F: The device should capture the rope fully, being locked in place so that it’s impossible for the device to detach from the rope accidentally. Most rope clamps are designed to allow the rope to be inserted and removed easily, as this is vital for transitioning to and from a rope, especially when cleaning gear or passing re-belays. The downside of this is that in many designs the rope is only kept in check by the action of the cam locating the rope within a rope channel of bent alloy, with a safety trigger being used to keep the cam in place. Accidents do happen in which the rope escapes the device. Some devices, notably type 1 and 2 lever cams and rocker cams, tend to be locked in place by a cam that is fully secured within the frame of the device, meaning the rope cannot escape. This feature is vitally important to avoid the user releasing the device from the rope accidentally when attempting to gain slack by manipulating the cam and safety.
H: The device should still grab the rope even if grabbed by the user in panic, or is depressed from above by the climber clinging to the rope. This is another important feature if one wishes to avoid black swan events, with ‘panic grabbing’ being a very common cause of device failure. There is also a scenario in which having two devices on a single rope (tandem set-up) can see both devices fail if the top device fails to lock, perhaps due to being grabbed, which then pushes the lower device down the rope. This style of failure would be most easily demonstrated by tandem rocker devices.
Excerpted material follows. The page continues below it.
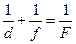 а в случае мнимого прямого изображения, получаемого в вогнутой линзе, формула линзы (рис.11.14в) имеет вид:
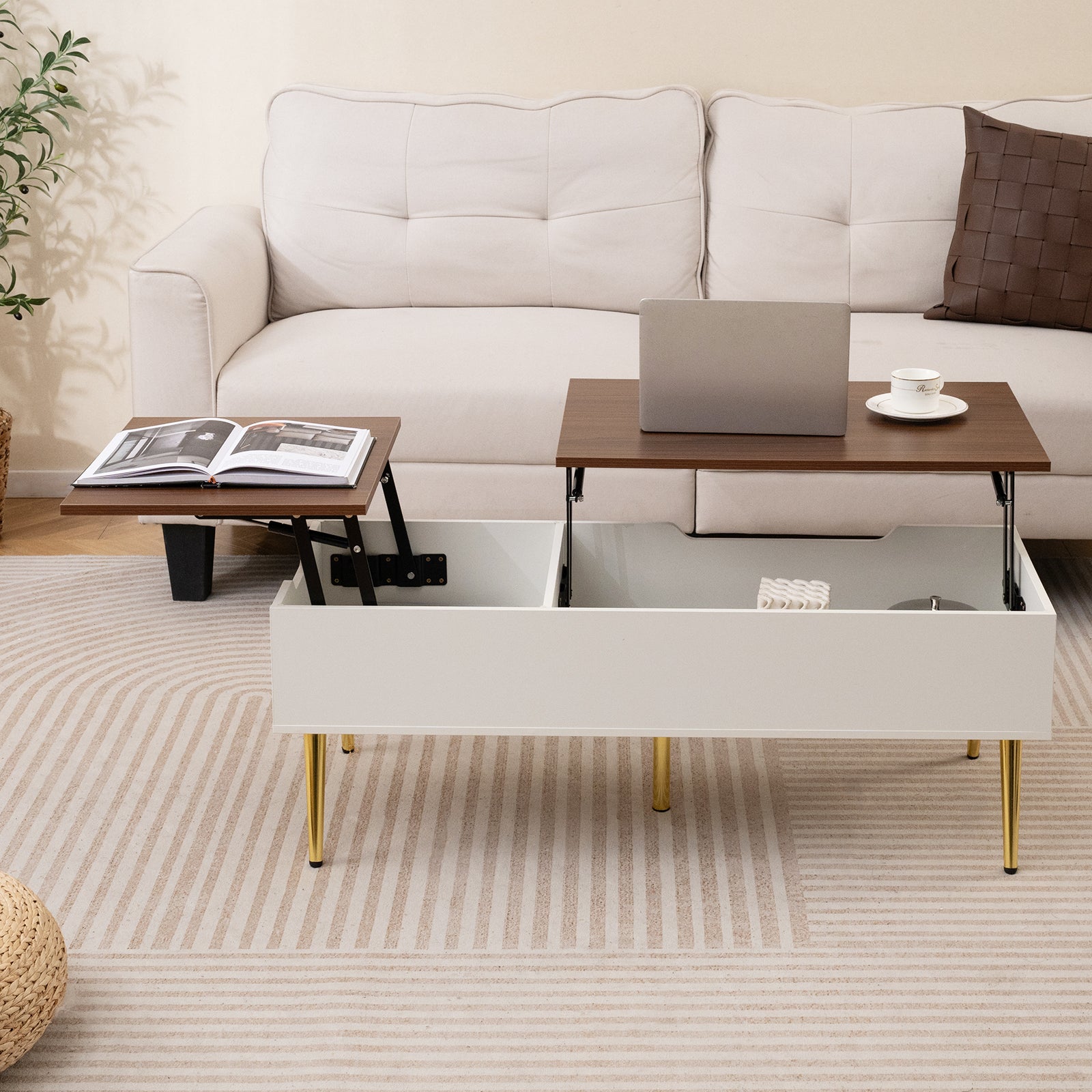 Featuring a lift top mechanism, the center table effortlessly transitions from a standard coffee table to a raised workstation or dining area. There are 2 hidden storage compartments under the wide tabletop to keep your space clutter-free. The robust metal legs present long-lasting use while anti-slip foot pads prevent the floor from scratches. Notably, this versatile coffee table with lifting top can seamlessly integrate into various interior themes. If you are looking for a lift top coffee table like this, do not hesitate to place an order! Convenient Lift-top Design: Once raised, the desktop of this coffee table can extend to a height of 53cm. This optimal height also provides a generous workspace or dining surface. The gas struts lifting mechanism features soft-close design that ensures safe and smooth operation. Ample Storage Space: 2 lifting tabletops offer ample space to accommodate your necessities, from books and laptop to snacks and drinks. Below the tabletops, you will discover 2 hidden storage compartments, keeping items out of sight for a tidy living area. Reliable Construction: Supported by 5 metal legs with non-slip foot pads, this flip top coffee table boasts great sturdiness and stability. The strong build supports up to 75 kg (table surface when not lifted), making it a reliable centerpiece in any room. All-purpose Versatility: You can use this center table for a variety of purposes - from a comfortable dining table to a work table. Its flexibility and ease of adjustment make it an ideal choice for homes and offices alike. Timeless Appeal: With its clean lines and contemporary design, this lift top coffee table seamlessly blends into any home style. This lift top coffee table is perfect for maximizing storage while adding elegance to your room.

I: Once the device has grabbed the rope, it must be released when unweighted. This is important as a device will be called on to lock and unlock many times when working a pitch.
J: Function as an effective ascender. This is important for self-rescue, as very often it’s easier to quickly ascend the rope to easy ground, or the anchor, rather than transfer from ascent to descent.
K: Have duel function of being both a rope grab and descender. This allows a climber – on falling into space or off the line of the route – the option of simply rappeling down, without the need of going into self-rescue mode. This is a tough ask, and although some devices may achieve this functionality, it’s generally at the cost of more important functions. For example, an ABBD (GriGri for example), achieves this, but at the cost of requiring the climber manually feed the rope, as well as other issues. The only device I feel achieves this point without too heavy a cost is the Lov2 and 3.
L: Low cost/Multi Function. Most climbers view TR soloing as something they will do as a last resort, or for a specific project, and so will want to invest the minimum amount of cash into any device. Ideally, you want a multifunctional device that can be used regularly for other tasks, such as a micro progress capture pulley (PCP), like the Petzl Micro Traxion, or micro ascender like the Kong Duck, so that the cost per use is maximised.
M: Weight: This will be of limited concern for most climbers, as most TR solo climbs will be done at easy to access crags. Although wilderness TR soloing is rare, if weight is an issue, the device chosen will generally be multi-functional, such as a chest ascender or micro PCP.
Is there a winner?
So, does any device get full marks? No. That’s the rub. Some devices hit more than others, while some devices, although close to perfection, sacrifice a crucial feature or function in order to be close to perfect. There are no perfect devices, only compromises.